● **INSTRUCTIONS TO FOLLOW**:
Reproduce, word for word, the lines in the material below starting with the one that has "Нас посадили за" and going on through the one that has "GUCCI Micro GG". Leave out all pictures.

● **TASK INPUTS**:
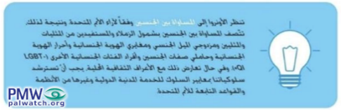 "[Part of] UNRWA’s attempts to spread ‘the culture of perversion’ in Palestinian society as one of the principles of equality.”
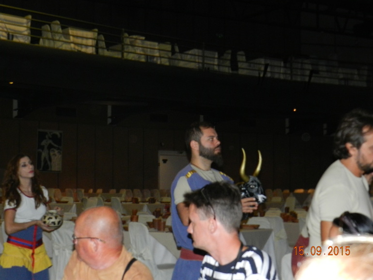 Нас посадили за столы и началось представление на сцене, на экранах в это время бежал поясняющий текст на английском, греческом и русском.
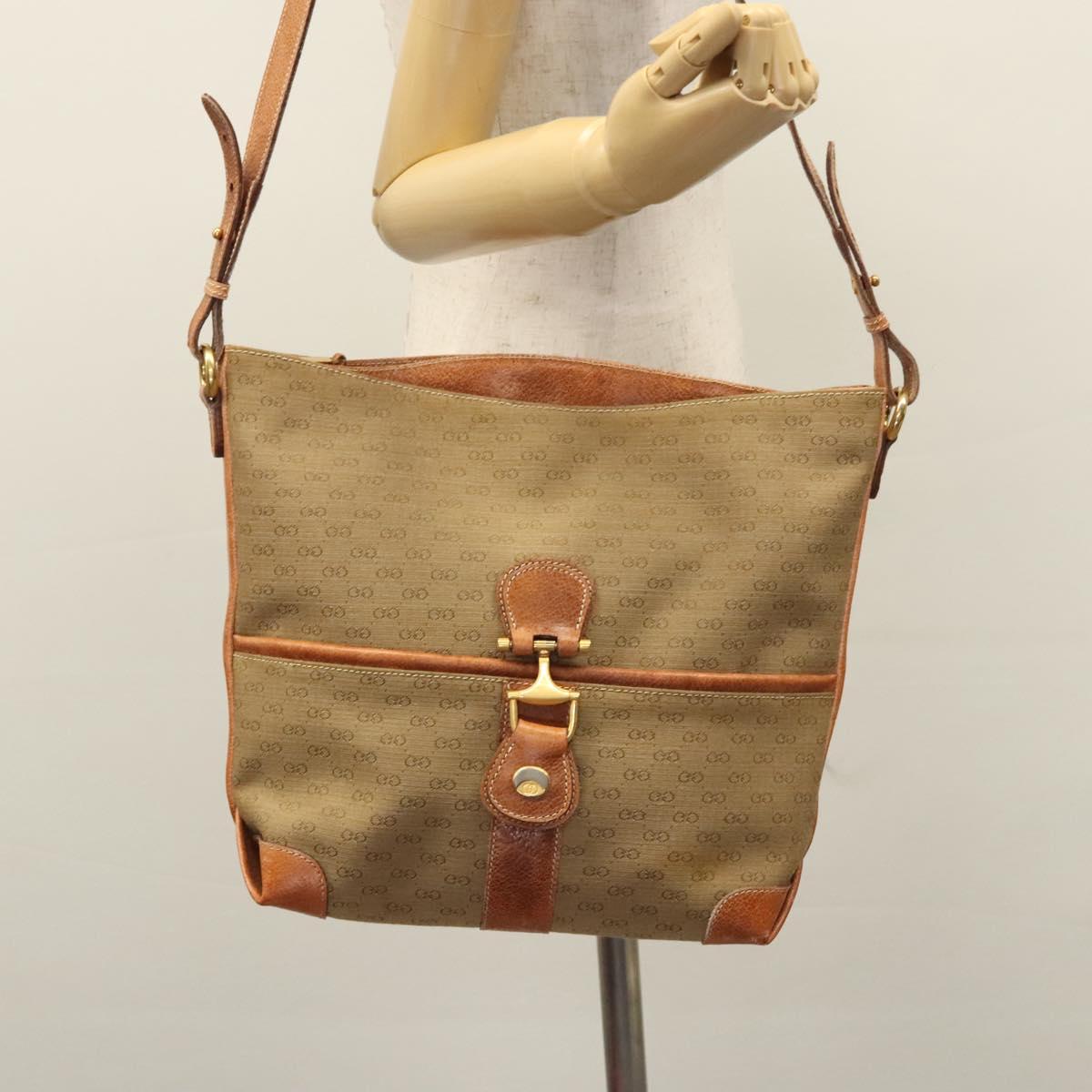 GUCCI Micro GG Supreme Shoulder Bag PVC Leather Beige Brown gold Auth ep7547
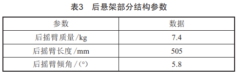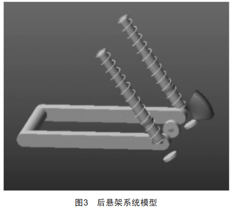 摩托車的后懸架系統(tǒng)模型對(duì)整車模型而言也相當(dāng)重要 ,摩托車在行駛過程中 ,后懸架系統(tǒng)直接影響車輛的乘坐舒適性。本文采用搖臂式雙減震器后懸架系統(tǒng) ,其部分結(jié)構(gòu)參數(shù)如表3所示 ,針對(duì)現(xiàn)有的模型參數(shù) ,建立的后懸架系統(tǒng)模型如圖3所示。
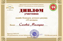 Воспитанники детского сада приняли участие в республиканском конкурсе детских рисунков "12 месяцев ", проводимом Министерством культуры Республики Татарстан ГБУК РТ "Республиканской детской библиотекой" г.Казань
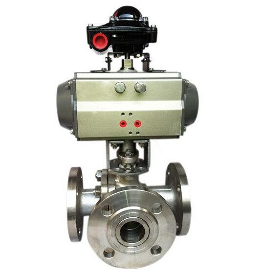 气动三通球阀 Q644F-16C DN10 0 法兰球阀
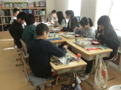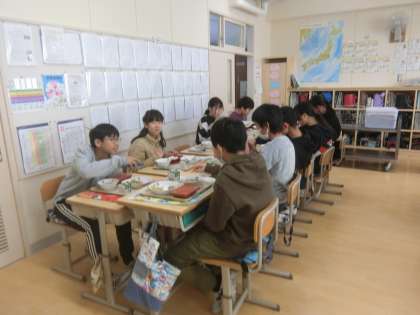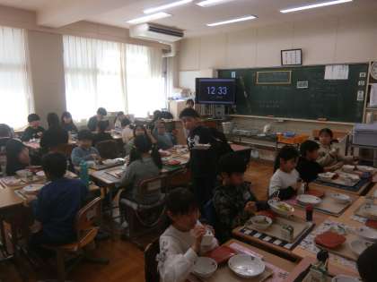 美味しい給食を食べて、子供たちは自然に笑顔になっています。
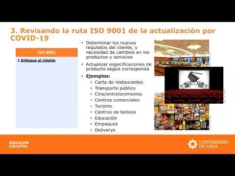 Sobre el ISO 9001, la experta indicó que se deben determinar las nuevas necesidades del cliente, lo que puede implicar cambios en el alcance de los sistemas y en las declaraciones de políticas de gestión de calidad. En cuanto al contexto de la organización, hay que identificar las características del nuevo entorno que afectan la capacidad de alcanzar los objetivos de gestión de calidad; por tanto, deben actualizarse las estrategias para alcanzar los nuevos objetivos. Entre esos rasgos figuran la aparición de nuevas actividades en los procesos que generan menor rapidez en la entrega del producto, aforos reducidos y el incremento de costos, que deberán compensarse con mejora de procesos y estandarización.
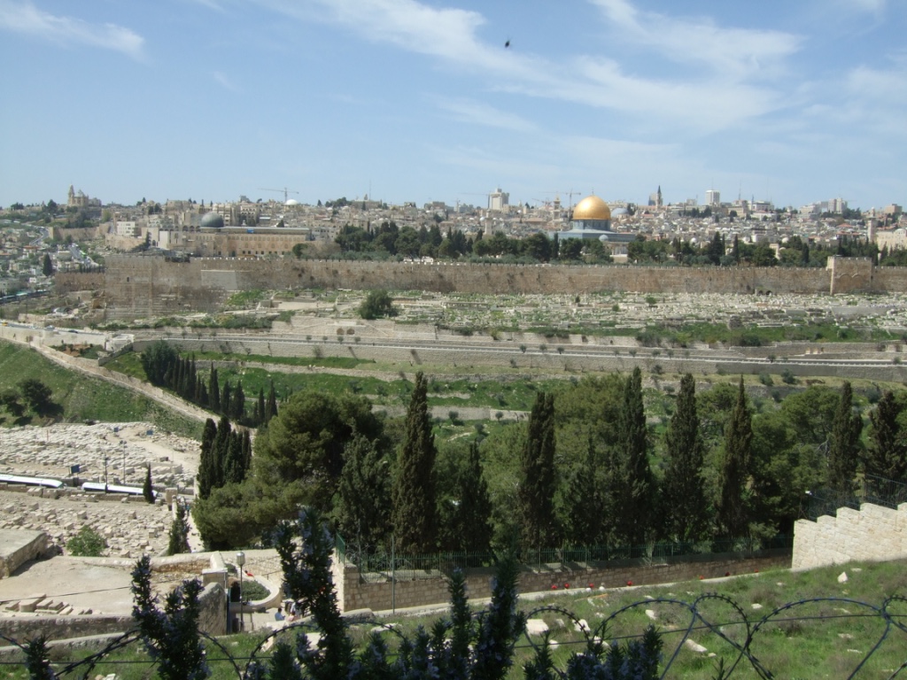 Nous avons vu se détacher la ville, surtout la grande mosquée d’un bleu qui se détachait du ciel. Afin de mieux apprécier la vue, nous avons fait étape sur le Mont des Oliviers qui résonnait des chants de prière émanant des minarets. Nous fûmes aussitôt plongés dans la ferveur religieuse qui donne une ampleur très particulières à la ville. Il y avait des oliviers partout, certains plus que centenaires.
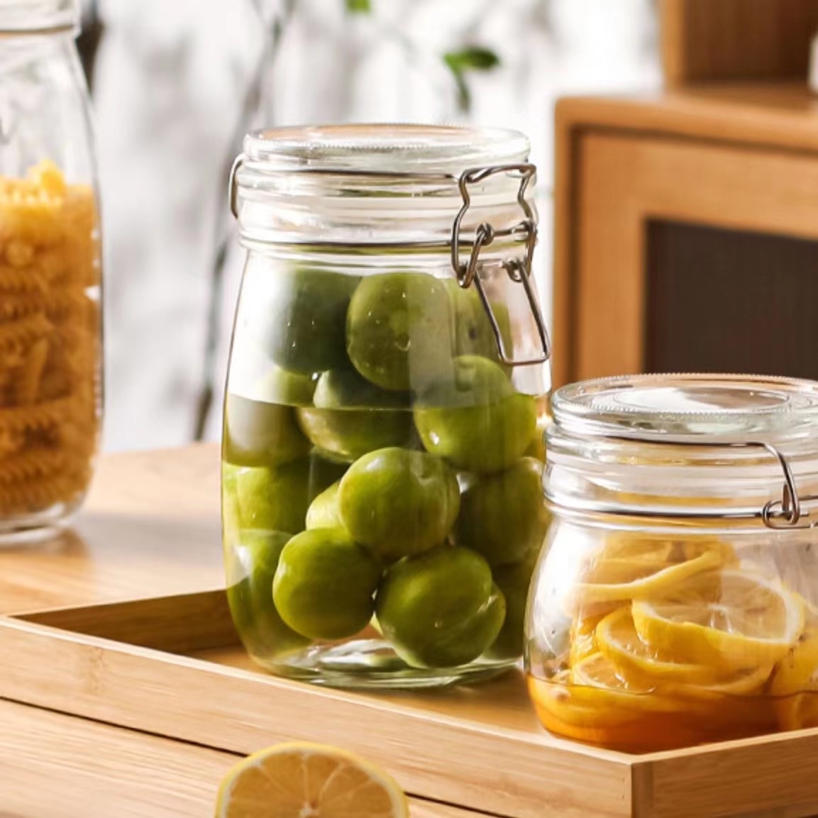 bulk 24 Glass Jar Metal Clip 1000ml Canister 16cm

● **EXERCISE RESPONSE**:
 Нас посадили за столы и началось представление на сцене, на экранах в это время бежал поясняющий текст на английском, греческом и русском.
 GUCCI Micro GG Supreme Shoulder Bag PVC Leather Beige Brown gold Auth ep7547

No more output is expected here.